Eagle-eyed readers of the property press will have spotted that The Independent last Friday ran a story also published two days earlier in the Homes and Property supplement of London's free daily, the Evening Standard.

The two papers share the same owner and there will be much more of this property story dual-use to come. The Indie, it seems, will top up 'duplicate' Standard pieces with some original non-London stories but much of its property content will have appeared in London before.

Many journalists will dislike this - they always prefer original content and of course they have a vested interest in maximising the number of new stories published as they would be employed to write them. Journalists also prefer to have complete independence about the properties and themes they write about and not have them as closely dovetailing with advertisers as they often appear in the Evening Standard.

As for others, the initiative has good and bad repurcussions.

The mainstream property industry, aside from its journalists, will probably welcome it. The Standard gives a large amount of its property editorial space to new-build homes (largely ignored by national newspaper property supplements) so if The Independent follows suit, using the same stories, one long-standing grievance of developers will be addressed.

Similarly, property industry chiefs like the fact that the Standard's tone on the housing market is relentlessly upbeat. A senior Barratt Homes executive once told me the Standard's property pages differed from the nationals because it always described the market as developers and estate agents wanted it to be, rather than as it actually was. The Independent will, presumably, now have a similar tone at least in those stories it duplicates.

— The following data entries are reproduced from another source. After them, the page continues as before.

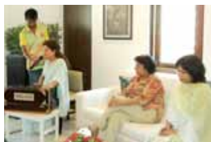
Our nightingale Padma Shri Sudha Motwane regales members.
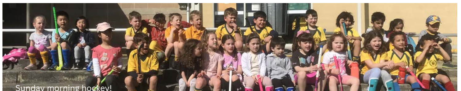
Sunday morning hockey!
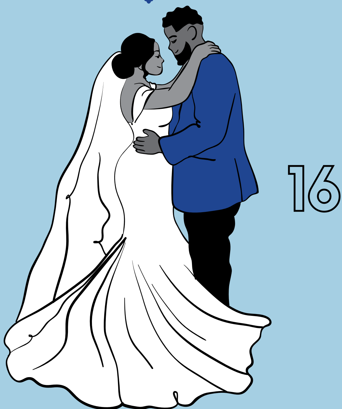
Certificate of Marriage
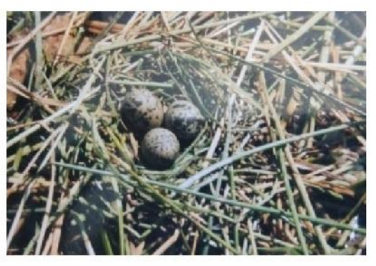
Figure 3: Nest of whiskered tern with egg
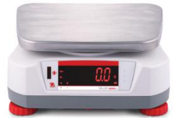
Rear Display with Integrated Touchless Sensor
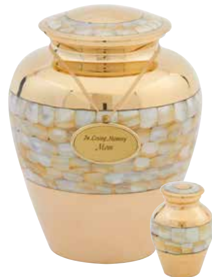
Mother of Pearl & Mother of Pearl Keepsake Brass urn with natural mother of pearl. Charm not included.
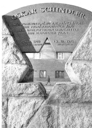
Oskar Schindler's monument in the Czech town Svitavy, with a front section of the house where Schindler was born on April 24, 1908.

everybody will be – just because of Schindler – willing to revise the simplifying indoctrinations brought to us by the Communist regime. 57
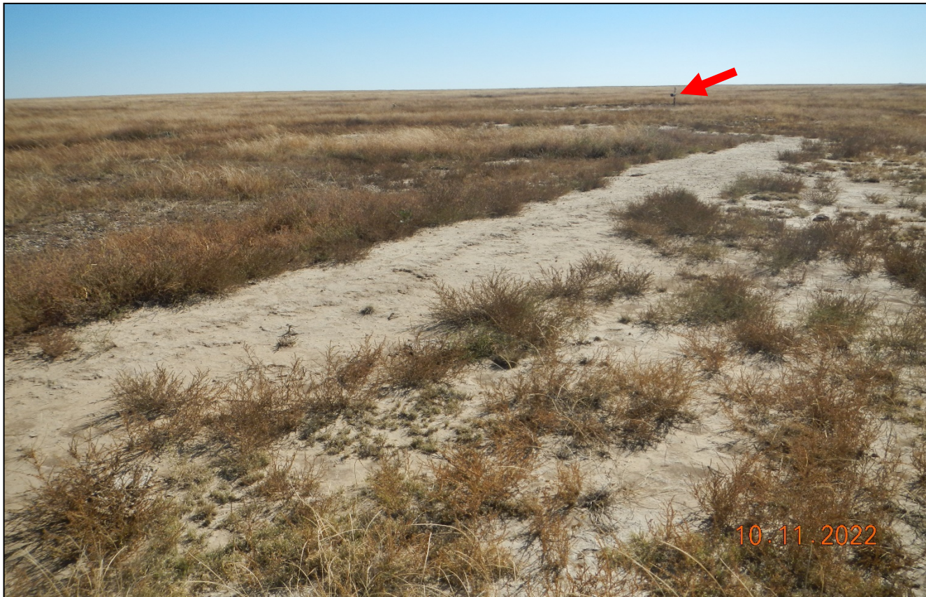
Photo 2. Facing south toward the location which has not been reclaimed. There are undesirable weeds throughout the location and areas bare vegetation. There is equipment that remains at the south side of the location shown at red arrow.
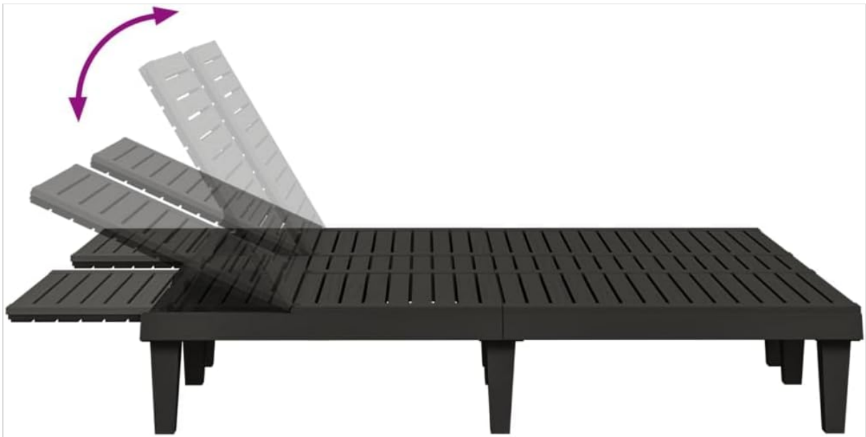
Image 5.1: Illustration of the backrest adjustment mechanism, showing how to change reclining positions. Each side of the double lounge can be adjusted independently, allowing two users to select their preferred reclining angle.
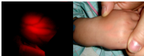
Figure 1 Pediatric peripheral venipuncture and intravenous cannulation into the dorsum manus were attempted with or without the use of transmitted light. The shape of the vein in the dorsum manus can be clearly recognized by the transmitted light.

Of the 10 anesthetists in our department, the newest/least experienced anesthetists and the most senior anesthetists were excluded as inserters in this study, because the success rates of PPV and PPIVC should be adjusted to the average level. Therefore, five anesthetists (training period 3–5 years) were chosen to perform the PPV and PPIVC. Their usual success rates for PPIVC were approximately the same as the average level indicated in a previous report (52%). 1
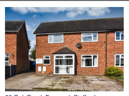
69 Oak Road, Brewood, Stafford
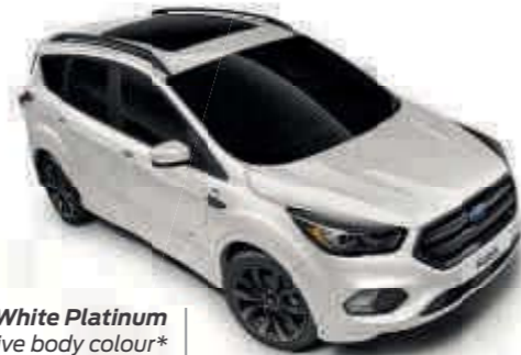
White Platinum Exclusive body colour* Zt T SL
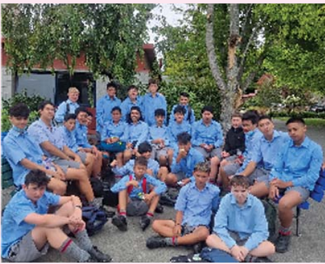
(Pictured left): A group of Year 9 boys enjoying an outside break during the day.

Those property people involved with, or interested in reading about, less lucrative sectors of the market - social and green housing, for example, always well covered by The Independent in the past - may be less delighted by the change. Inevitably if much of the paper's property space is given to mainstream sectors as in the Standard, these minority sectors will be squeezed.

It is also interesting to speculate how The Independent will combine the ever-optimistic Homes and Property view of the central London market (which of course genuinely is very good right now) with the much more sluggish, gently declining prices across most of the UK outside of the capital. And should London's housing market shift into reverse gear one day, how will The Independent's property pages - until now known for its tell-it-as-it-is approach - cover the change?

Recycling stories is not unheard of. When I wrote a piece for the Mail on Sunday's property pages recently, it also appeared a week later in a local newspaper owned by the same group, Associated Newspapers. This was a one-off and the reason was that I was writing about a property well known in the region covered by the local paper concerned.

But the systematic re-use of stories now underway by The Independent is unusual. As a journalist, of course, I hope it does not catch on - not just because I'd like more work for colleagues and myself, but because we need a multiplicity of views and tones in property journalism.